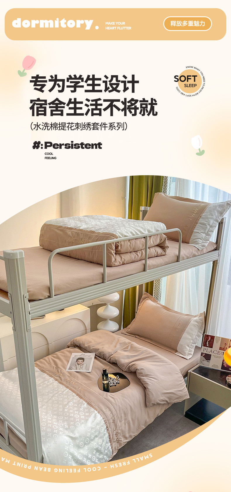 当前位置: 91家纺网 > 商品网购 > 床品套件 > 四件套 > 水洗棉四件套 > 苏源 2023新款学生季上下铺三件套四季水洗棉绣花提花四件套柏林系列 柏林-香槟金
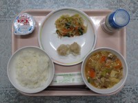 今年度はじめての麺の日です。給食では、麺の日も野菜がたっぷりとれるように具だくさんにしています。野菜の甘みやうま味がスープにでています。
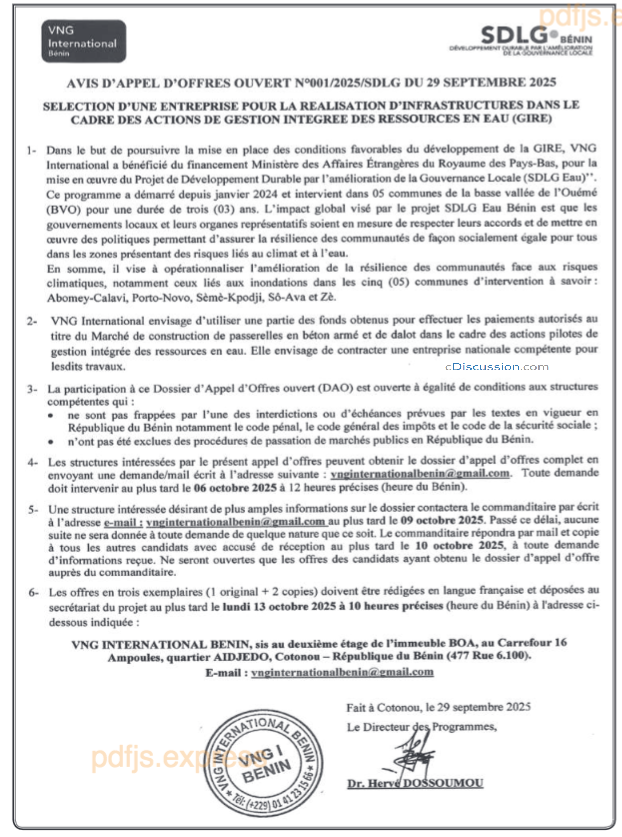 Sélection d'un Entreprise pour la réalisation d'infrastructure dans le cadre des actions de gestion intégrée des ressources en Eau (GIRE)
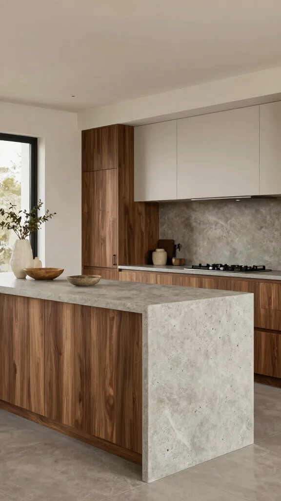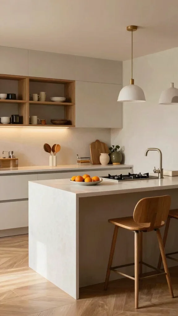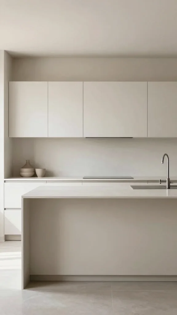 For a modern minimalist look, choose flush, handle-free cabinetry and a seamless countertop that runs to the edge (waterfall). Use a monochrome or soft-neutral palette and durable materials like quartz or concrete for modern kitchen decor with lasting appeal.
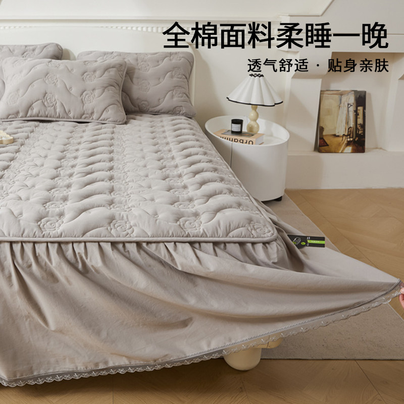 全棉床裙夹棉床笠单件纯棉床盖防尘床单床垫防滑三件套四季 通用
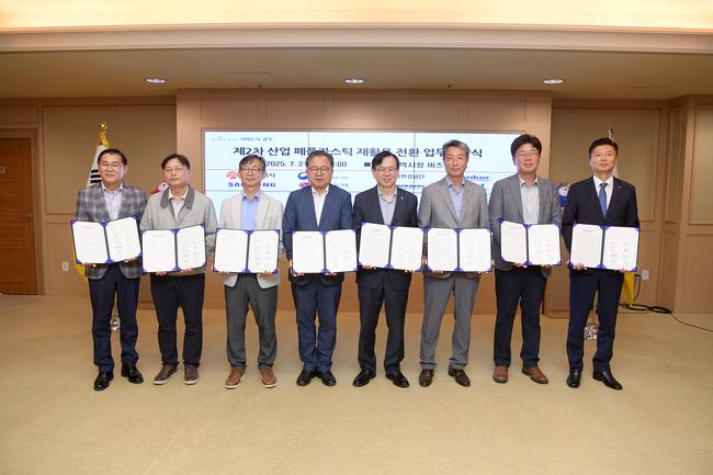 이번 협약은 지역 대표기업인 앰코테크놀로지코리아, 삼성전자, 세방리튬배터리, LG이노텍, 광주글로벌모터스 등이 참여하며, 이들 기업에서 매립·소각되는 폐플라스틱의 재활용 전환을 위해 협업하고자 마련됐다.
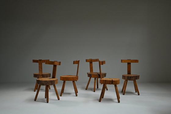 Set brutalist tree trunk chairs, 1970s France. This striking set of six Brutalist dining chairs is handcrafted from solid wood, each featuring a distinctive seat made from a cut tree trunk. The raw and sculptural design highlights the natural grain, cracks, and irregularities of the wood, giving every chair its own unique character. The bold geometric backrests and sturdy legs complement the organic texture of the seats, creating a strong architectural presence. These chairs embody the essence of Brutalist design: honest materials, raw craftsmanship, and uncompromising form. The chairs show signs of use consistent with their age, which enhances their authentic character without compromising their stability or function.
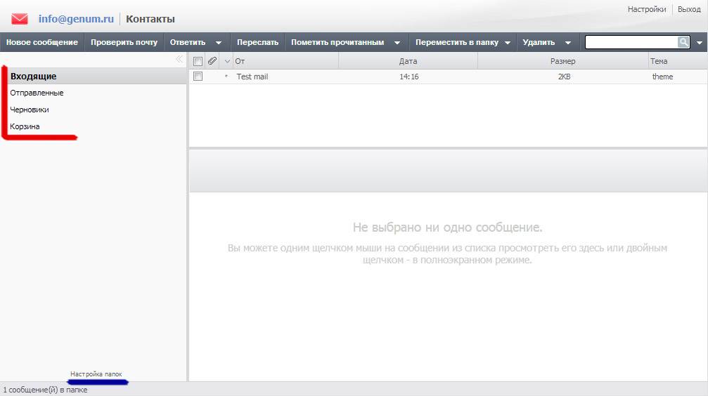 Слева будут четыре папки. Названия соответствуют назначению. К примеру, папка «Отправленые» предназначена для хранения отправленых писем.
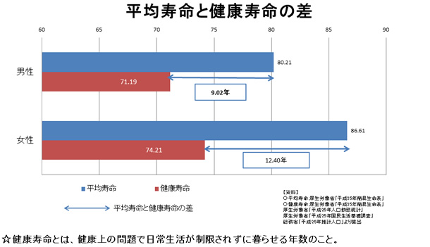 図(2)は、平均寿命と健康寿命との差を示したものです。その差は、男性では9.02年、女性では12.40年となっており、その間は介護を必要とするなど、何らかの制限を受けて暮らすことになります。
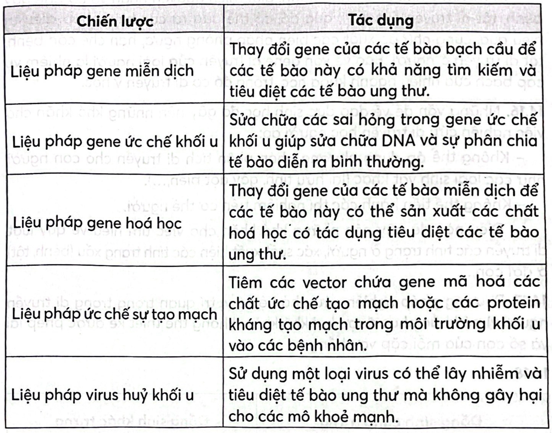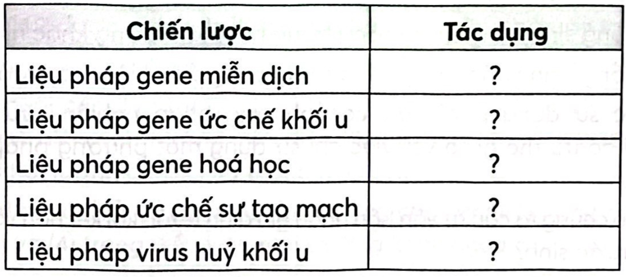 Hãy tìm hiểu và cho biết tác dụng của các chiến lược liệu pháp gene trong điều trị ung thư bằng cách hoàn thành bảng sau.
--------------------------------------------------
# What is expected
Every line of the records above should be copied exactly, while the pictures are left behind.

# Solution for this task
 当前位置: 91家纺网 > 商品网购 > 床品套件 > 四件套 > 水洗棉四件套 > 苏源 2023新款学生季上下铺三件套四季水洗棉绣花提花四件套柏林系列 柏林-香槟金
 今年度はじめての麺の日です。給食では、麺の日も野菜がたっぷりとれるように具だくさんにしています。野菜の甘みやうま味がスープにでています。
 Sélection d'un Entreprise pour la réalisation d'infrastructure dans le cadre des actions de gestion intégrée des ressources en Eau (GIRE)
 For a modern minimalist look, choose flush, handle-free cabinetry and a seamless countertop that runs to the edge (waterfall). Use a monochrome or soft-neutral palette and durable materials like quartz or concrete for modern kitchen decor with lasting appeal.
 全棉床裙夹棉床笠单件纯棉床盖防尘床单床垫防滑三件套四季 通用
 이번 협약은 지역 대표기업인 앰코테크놀로지코리아, 삼성전자, 세방리튬배터리, LG이노텍, 광주글로벌모터스 등이 참여하며, 이들 기업에서 매립·소각되는 폐플라스틱의 재활용 전환을 위해 협업하고자 마련됐다.
 Set brutalist tree trunk chairs, 1970s France. This striking set of six Brutalist dining chairs is handcrafted from solid wood, each featuring a distinctive seat made from a cut tree trunk. The raw and sculptural design highlights the natural grain, cracks, and irregularities of the wood, giving every chair its own unique character. The bold geometric backrests and sturdy legs complement the organic texture of the seats, creating a strong architectural presence. These chairs embody the essence of Brutalist design: honest materials, raw craftsmanship, and uncompromising form. The chairs show signs of use consistent with their age, which enhances their authentic character without compromising their stability or function.
 Слева будут четыре папки. Названия соответствуют назначению. К примеру, папка «Отправленые» предназначена для хранения отправленых писем.
 図(2)は、平均寿命と健康寿命との差を示したものです。その差は、男性では9.02年、女性では12.40年となっており、その間は介護を必要とするなど、何らかの制限を受けて暮らすことになります。
 Hãy tìm hiểu và cho biết tác dụng của các chiến lược liệu pháp gene trong điều trị ung thư bằng cách hoàn thành bảng sau.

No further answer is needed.